К изумлению Кислотрупова, Мордюков чуть заметно кивнул. Значит, он ведет себя правильно. Теперь они стояли плечом к плечу, как полагается соратникам, в одинаковых резиновых плащах. А шагах в пяти от них, спиной к воде, стоял Кирилл Иванов, без прорезиненного плаща и плотной армейской фуражки.
— Да чего вы городите?! Не было тут никакого золота!
— А откуда ты знаешь, что не было? — Мордюков все спрашивал об этом, все настаивал на рассказе про то, откуда и что знает Кирилл.
— Ну откуда… Видно же.
— Нет, не видно! Ты и до нас знал, что тут нет золота. Помнишь, меня предупреждал?! Что, не помнишь?!
— Я что… — недоуменно развел руками Кирилл, — я вам тогда только и сказал, что бугор этот пустой, там нет ничего, что вы ищете…
— Вот-вот! Представляете, — повернулся Мордюков к Кислотрупову, — в апреле он уже отлично знал, что курган пуст. Ваша правда, он и брал курган, никак не иначе. — И к Кириллу, свирепо:
— Не тяни время. Покажи, где взял государственное золото, куда перепрятал.

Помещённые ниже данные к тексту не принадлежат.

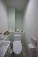 全体としてパステル調の柔らかい色合いにしながら、内外においてアイキャッチとなるように配置しています。洗面スペース・トイレの部分は曲線壁とし、奥に向かって流れがある空間としました。
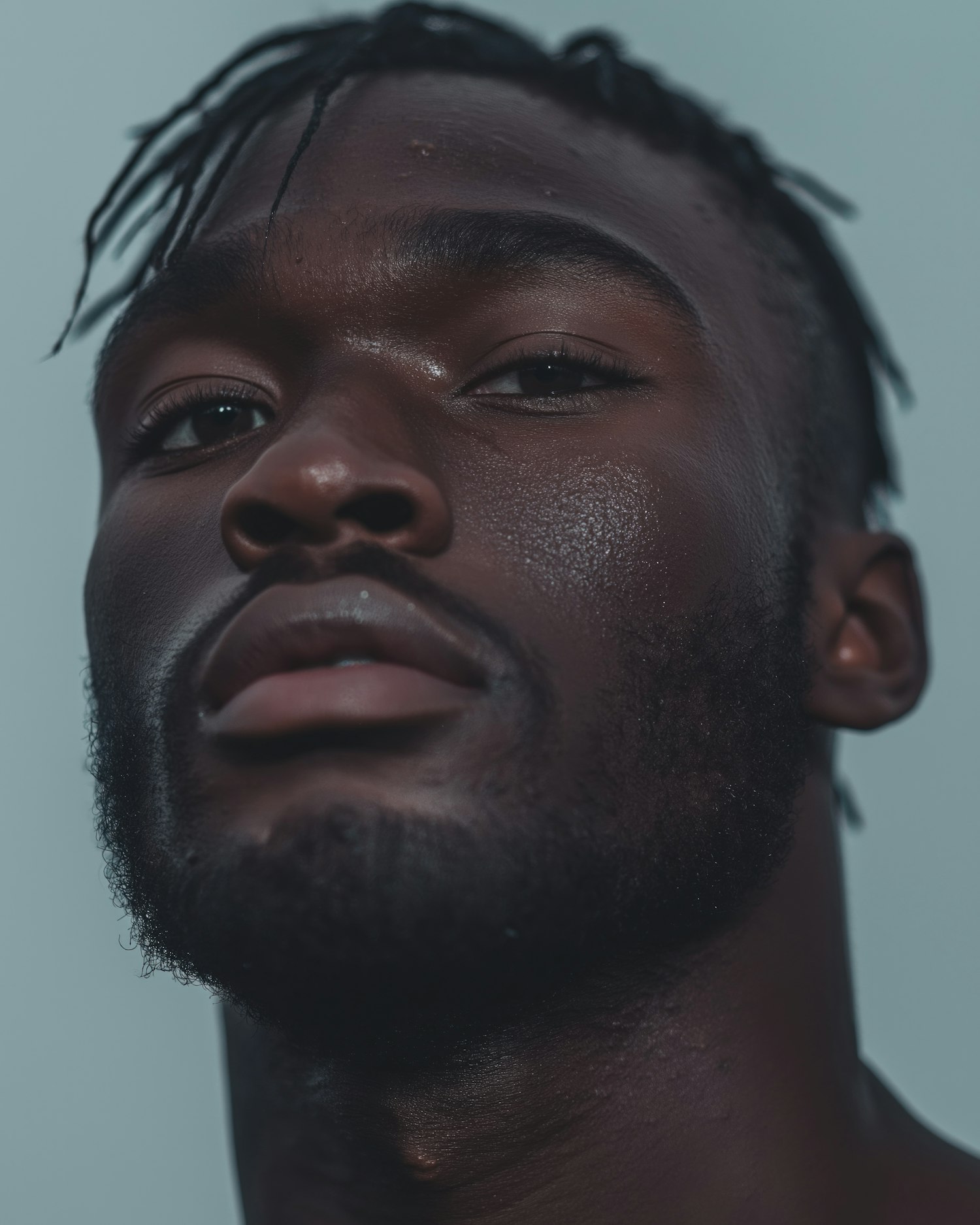 Close-up portrait of a man with dark skin, textured hair, and a groomed beard, set against a muted blue background.

— Государственного отродясь не брал.
— А оно все государственное! Нет, вы заметили, — опять повернулся Мордюков к Кислотрупову, — до чего он засветился, этот гад?! Государственного он не брал! А какое брал?! Быстро рассказывай!
Мордюков рванул из кармана матово отблеснувший ТТ. Иванов и попятился бы, но от его неловкого движения в воду обрушился кусок глины, и он отпрянул. Мордюков довольно засмеялся.
— Рассказывай, как лазил по кургану!
— Что тут рассказывать? Расчистили мы грабительскую дудку…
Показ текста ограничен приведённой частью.